* **WORK REQUEST**
Produce word for word the lines of the data below running from the one that has "Όσο για τα…" to the one that has "上午注册的,刚准备冲100结果封了,封了也好", inclusive, and no others.

--------

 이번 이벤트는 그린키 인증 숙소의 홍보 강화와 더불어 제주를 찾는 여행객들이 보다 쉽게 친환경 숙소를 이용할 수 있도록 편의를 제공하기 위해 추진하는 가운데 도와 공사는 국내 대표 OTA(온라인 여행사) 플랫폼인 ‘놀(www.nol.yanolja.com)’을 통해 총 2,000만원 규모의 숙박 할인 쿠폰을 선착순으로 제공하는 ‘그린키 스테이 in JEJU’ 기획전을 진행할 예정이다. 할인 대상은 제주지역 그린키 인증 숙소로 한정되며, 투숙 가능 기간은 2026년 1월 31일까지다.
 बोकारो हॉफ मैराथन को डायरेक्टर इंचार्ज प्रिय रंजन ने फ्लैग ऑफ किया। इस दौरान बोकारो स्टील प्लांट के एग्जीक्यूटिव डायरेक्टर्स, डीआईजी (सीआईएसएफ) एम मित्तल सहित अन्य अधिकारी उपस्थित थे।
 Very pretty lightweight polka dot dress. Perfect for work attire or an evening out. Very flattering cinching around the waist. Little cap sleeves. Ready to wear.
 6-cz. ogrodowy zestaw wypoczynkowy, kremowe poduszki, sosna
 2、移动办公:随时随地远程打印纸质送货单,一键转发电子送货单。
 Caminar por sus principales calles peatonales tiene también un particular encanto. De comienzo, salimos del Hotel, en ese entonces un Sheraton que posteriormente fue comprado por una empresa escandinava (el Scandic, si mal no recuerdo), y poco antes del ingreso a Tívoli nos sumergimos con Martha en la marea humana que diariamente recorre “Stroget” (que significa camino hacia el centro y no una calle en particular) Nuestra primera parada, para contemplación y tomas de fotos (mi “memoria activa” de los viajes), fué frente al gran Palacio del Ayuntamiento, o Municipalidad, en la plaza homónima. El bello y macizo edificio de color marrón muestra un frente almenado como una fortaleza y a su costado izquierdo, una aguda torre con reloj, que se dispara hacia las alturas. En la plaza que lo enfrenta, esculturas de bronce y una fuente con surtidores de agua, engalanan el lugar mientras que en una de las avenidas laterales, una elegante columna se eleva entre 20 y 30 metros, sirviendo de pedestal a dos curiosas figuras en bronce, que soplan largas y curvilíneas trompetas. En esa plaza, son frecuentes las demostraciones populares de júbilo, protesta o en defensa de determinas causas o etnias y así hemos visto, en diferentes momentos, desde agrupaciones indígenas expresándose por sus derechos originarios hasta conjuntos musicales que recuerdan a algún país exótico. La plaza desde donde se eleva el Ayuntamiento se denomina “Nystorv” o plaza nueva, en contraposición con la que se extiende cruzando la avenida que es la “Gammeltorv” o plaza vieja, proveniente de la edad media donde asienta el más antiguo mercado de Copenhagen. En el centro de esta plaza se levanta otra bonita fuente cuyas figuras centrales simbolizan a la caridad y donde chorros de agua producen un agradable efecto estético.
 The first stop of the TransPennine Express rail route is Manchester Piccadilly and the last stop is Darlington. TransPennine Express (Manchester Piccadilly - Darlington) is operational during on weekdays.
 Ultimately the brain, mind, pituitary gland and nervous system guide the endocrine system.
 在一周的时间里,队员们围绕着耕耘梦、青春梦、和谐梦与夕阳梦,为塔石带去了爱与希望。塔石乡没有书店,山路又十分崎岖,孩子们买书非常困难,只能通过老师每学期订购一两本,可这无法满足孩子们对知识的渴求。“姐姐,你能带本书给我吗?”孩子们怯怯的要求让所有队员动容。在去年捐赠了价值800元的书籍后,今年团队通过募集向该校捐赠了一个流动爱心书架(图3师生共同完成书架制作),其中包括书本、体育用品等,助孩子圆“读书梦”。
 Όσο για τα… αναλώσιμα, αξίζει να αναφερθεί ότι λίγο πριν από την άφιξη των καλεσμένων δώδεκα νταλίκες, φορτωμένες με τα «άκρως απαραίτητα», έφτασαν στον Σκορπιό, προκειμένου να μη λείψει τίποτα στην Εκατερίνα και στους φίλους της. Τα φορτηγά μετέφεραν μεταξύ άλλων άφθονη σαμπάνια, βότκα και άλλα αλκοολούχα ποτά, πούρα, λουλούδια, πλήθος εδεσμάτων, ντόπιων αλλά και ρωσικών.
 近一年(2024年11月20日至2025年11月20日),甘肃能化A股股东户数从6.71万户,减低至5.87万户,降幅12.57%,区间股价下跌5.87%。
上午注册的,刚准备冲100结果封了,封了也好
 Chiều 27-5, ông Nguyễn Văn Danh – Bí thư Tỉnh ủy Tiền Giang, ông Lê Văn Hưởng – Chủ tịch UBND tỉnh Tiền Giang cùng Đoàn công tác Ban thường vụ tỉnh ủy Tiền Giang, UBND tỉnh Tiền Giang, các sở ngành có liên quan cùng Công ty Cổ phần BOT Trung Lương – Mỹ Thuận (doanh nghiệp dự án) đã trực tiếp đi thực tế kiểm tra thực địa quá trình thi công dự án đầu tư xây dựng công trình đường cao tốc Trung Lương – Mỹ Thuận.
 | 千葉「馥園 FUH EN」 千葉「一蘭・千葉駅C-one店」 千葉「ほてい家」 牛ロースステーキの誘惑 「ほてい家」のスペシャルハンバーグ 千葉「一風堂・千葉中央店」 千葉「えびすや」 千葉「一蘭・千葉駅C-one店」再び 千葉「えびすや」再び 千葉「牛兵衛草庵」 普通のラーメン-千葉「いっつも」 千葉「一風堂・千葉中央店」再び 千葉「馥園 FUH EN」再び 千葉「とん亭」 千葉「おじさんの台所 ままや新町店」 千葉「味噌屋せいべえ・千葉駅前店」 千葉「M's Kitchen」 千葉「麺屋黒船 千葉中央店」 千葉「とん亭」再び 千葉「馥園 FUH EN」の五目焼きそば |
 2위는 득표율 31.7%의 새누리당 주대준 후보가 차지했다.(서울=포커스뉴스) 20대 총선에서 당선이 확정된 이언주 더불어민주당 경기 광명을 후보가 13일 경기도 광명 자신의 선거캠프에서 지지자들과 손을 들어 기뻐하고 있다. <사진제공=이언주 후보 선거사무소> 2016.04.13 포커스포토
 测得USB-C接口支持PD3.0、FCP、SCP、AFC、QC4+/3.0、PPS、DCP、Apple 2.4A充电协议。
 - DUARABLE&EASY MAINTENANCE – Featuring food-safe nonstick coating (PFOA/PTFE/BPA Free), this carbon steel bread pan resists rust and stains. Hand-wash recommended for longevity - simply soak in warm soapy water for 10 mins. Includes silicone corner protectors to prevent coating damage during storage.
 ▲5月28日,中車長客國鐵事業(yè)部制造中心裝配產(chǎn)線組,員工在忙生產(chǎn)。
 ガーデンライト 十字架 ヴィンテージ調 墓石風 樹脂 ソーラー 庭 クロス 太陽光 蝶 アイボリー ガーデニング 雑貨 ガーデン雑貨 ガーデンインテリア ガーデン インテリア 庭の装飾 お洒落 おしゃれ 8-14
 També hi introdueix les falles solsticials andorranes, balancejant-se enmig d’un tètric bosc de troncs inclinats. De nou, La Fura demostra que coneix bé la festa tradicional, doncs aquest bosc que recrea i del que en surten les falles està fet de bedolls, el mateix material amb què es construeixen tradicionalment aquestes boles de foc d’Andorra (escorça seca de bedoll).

--------

* **RESPONSE BOX**
 Όσο για τα… αναλώσιμα, αξίζει να αναφερθεί ότι λίγο πριν από την άφιξη των καλεσμένων δώδεκα νταλίκες, φορτωμένες με τα «άκρως απαραίτητα», έφτασαν στον Σκορπιό, προκειμένου να μη λείψει τίποτα στην Εκατερίνα και στους φίλους της. Τα φορτηγά μετέφεραν μεταξύ άλλων άφθονη σαμπάνια, βότκα και άλλα αλκοολούχα ποτά, πούρα, λουλούδια, πλήθος εδεσμάτων, ντόπιων αλλά και ρωσικών.
 近一年(2024年11月20日至2025年11月20日),甘肃能化A股股东户数从6.71万户,减低至5.87万户,降幅12.57%,区间股价下跌5.87%。
上午注册的,刚准备冲100结果封了,封了也好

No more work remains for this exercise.